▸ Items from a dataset

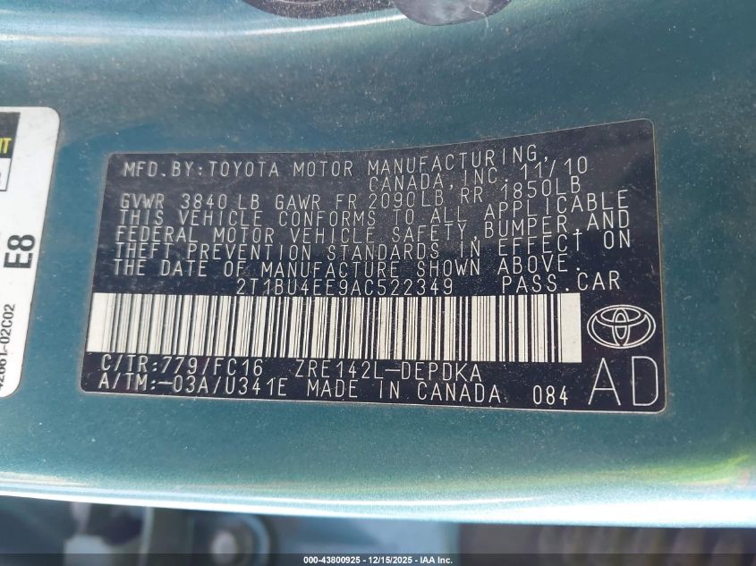 2010 TOYOTA COROLLA - 2T1BU4EE9AC522349, колір - Зелений, 1.8, Бензин, Передній привід із США
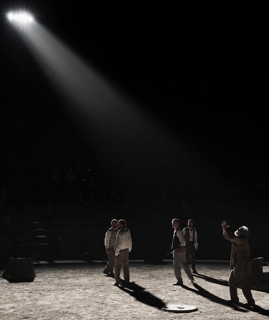 Η παράσταση λειτουργεί ως ένα ψυχρό δραματικό γλυπτό, με έναν Οιδίποδα που κινείται μονίμως έξω από τα όρια της πόλης, και ένα χρησμό που προβλέπει ότι ο Κολωνός θα είναι και ο τόπος ευτυχίας των κατοίκων του.
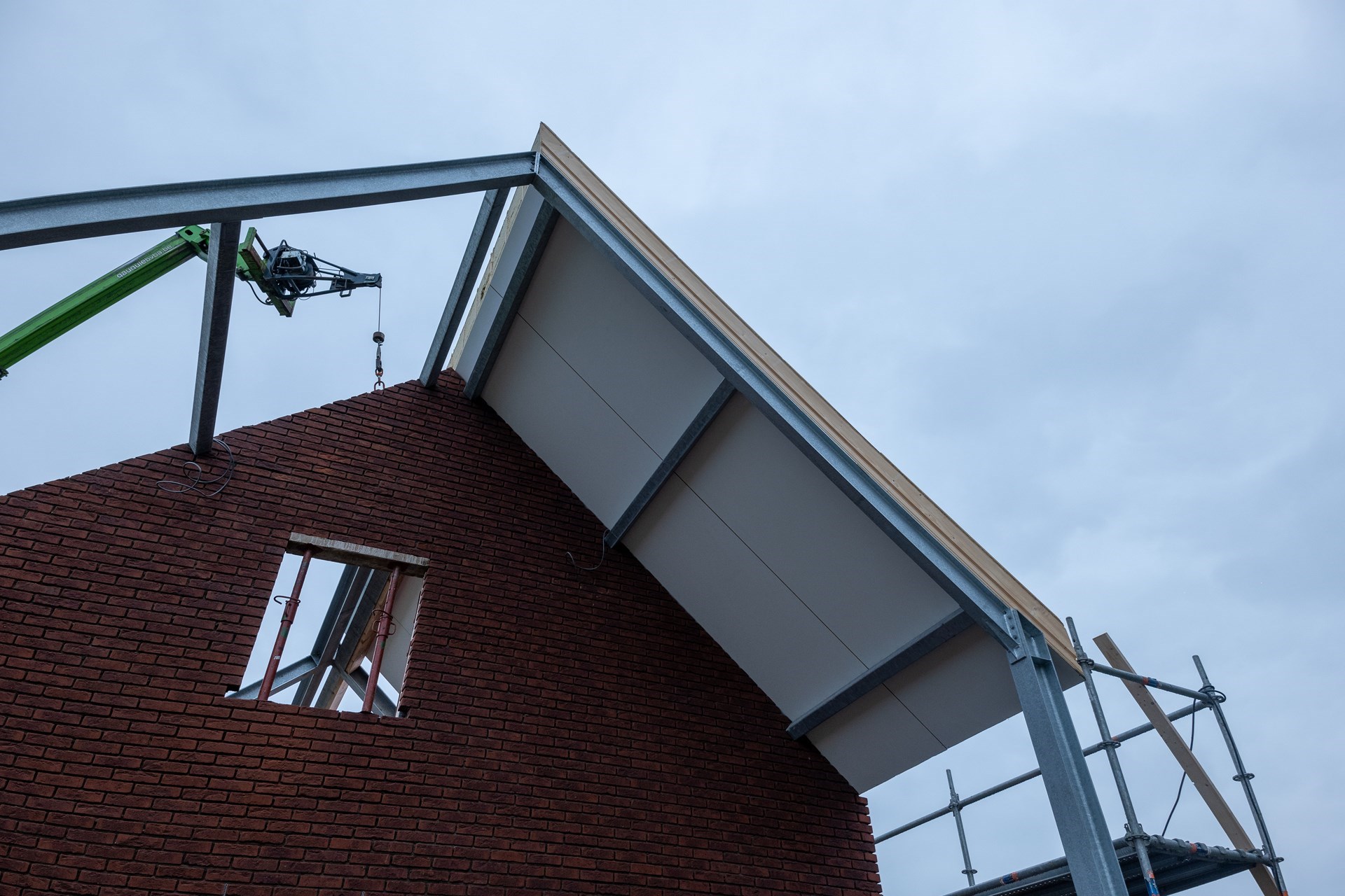 Le constructeur a donc imaginé une structure en acier comme base, avec une toiture en pente constituée de panneaux Usystem. Tom Ghyselen : « Nous plaçons la structure en acier en une bonne semaine. La pose des panneaux de toiture ne prend ensuite que deux jours. La construction d’une maison étanche au vent et à l’eau en seulement douze jours au lieu des neuf semaines habituelles ? Ça fait une belle différence ! »
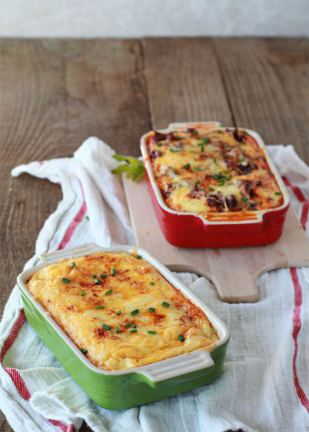 Fancy up your go-to strata by whipping up this Chiles Rellenos version from Kitchen Treaty. Filled with yummy ingredients like eggs, jack and cheddar cheese, and of course, green chiles, if you've got picky eaters at home, be sure to check out the option without spicy chorizo.
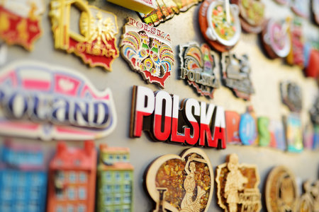 WARSAW, POLAND - AUGUST 2021: Assorted colorful magnets sold on souvenir shop in Warsaw Old Town. Typical souvenirs sold to tourists in Poland.
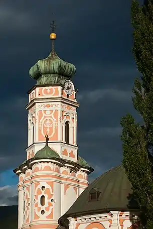 On the far side of the Inn Valley, the plans for the little church dedicated to St Anna in Baumkirchen were probably also drawn up by Guarinonius.[14]
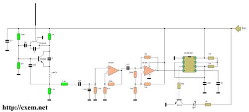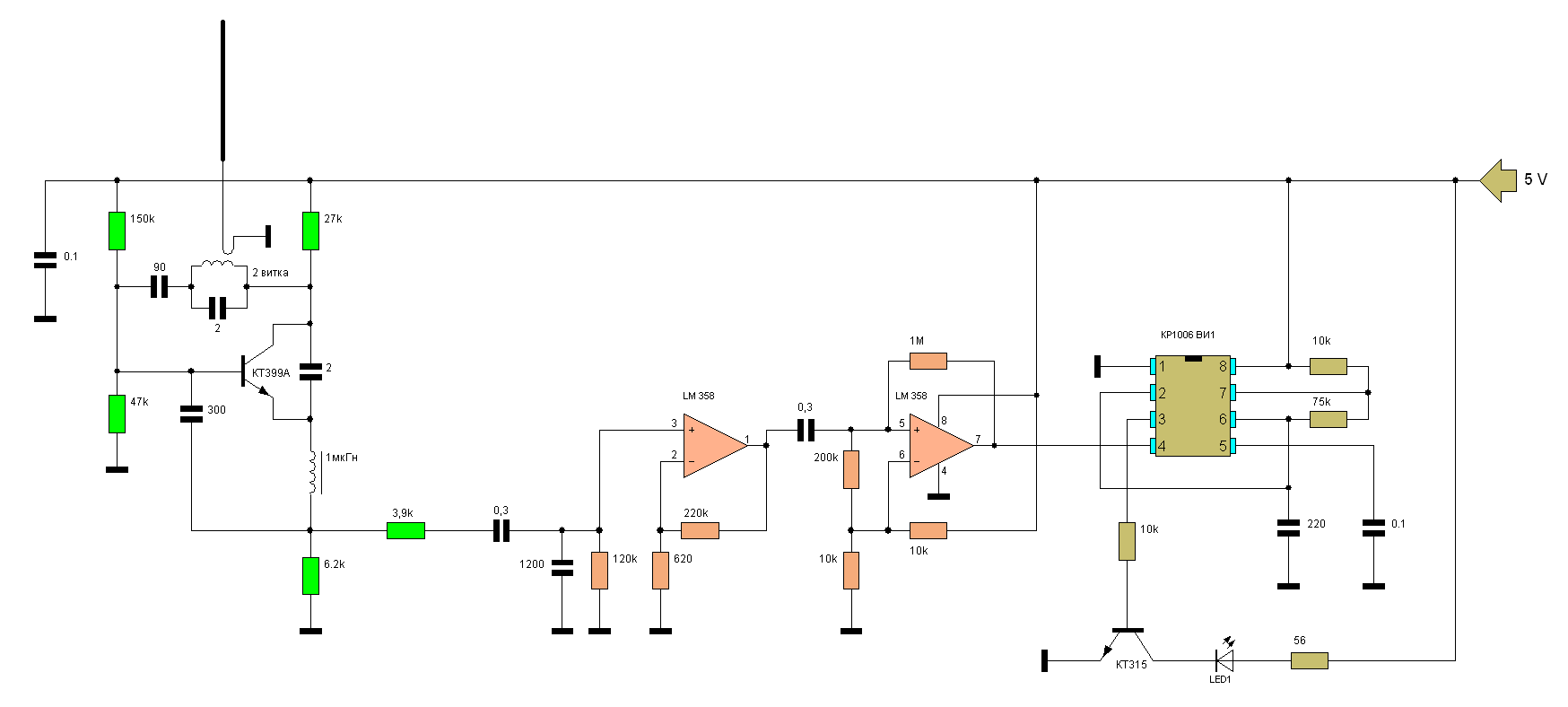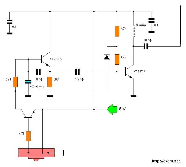 Передатчик управляется ИК приемником промышленного производства типа TSOP со встроенным демодулятором несущей ( 36 КГц) . При передаче используется 100% АМ .То есть если 1 ( несущая есть ) если 0 ( несущей нет и передатчик выключен ). Оконечный каскад передатчика приоткрыт в режиме молчания током 15 мА. Антенны приемника и передатчика – четвертьволновые отрезки провода ( 16 см ). Приемник – сверхрегенератор с весьма хорошей повторяемостью ( изготовлено 3 экземпляра устройств совершенно без проблем на частоты 433,92 и 418 МГц на СМД элементах ) и отличной чувствительностью. Его настройка сводится к подбору емкостей между коллектором и эмитером транзистора и емкости и индуктивности колебательного контура и катушки связи с антенной. Контролировать сигнал принятый приемником можно с выхода первого ОУ ( 1 нога LM 358 ) подключив туда вход контрольного УНЧ . Второй ОУ входящий в состав микросхемы – пороговое устройство , с него на таймер идет уже цифровой сигнал. Таймер восстанавливает по приходу высокого уровня несущую частоту 36 кГц и управляет транзистором, зажигающим ИК светодиод.

▸ Required action
From the records above, copy only the lines running from the line containing "WARSAW, POLAND - AUGUST" to the line containing "On the far side", both ends included. Leave the pictures out.

▸ Solution below
 WARSAW, POLAND - AUGUST 2021: Assorted colorful magnets sold on souvenir shop in Warsaw Old Town. Typical souvenirs sold to tourists in Poland.
 On the far side of the Inn Valley, the plans for the little church dedicated to St Anna in Baumkirchen were probably also drawn up by Guarinonius.[14]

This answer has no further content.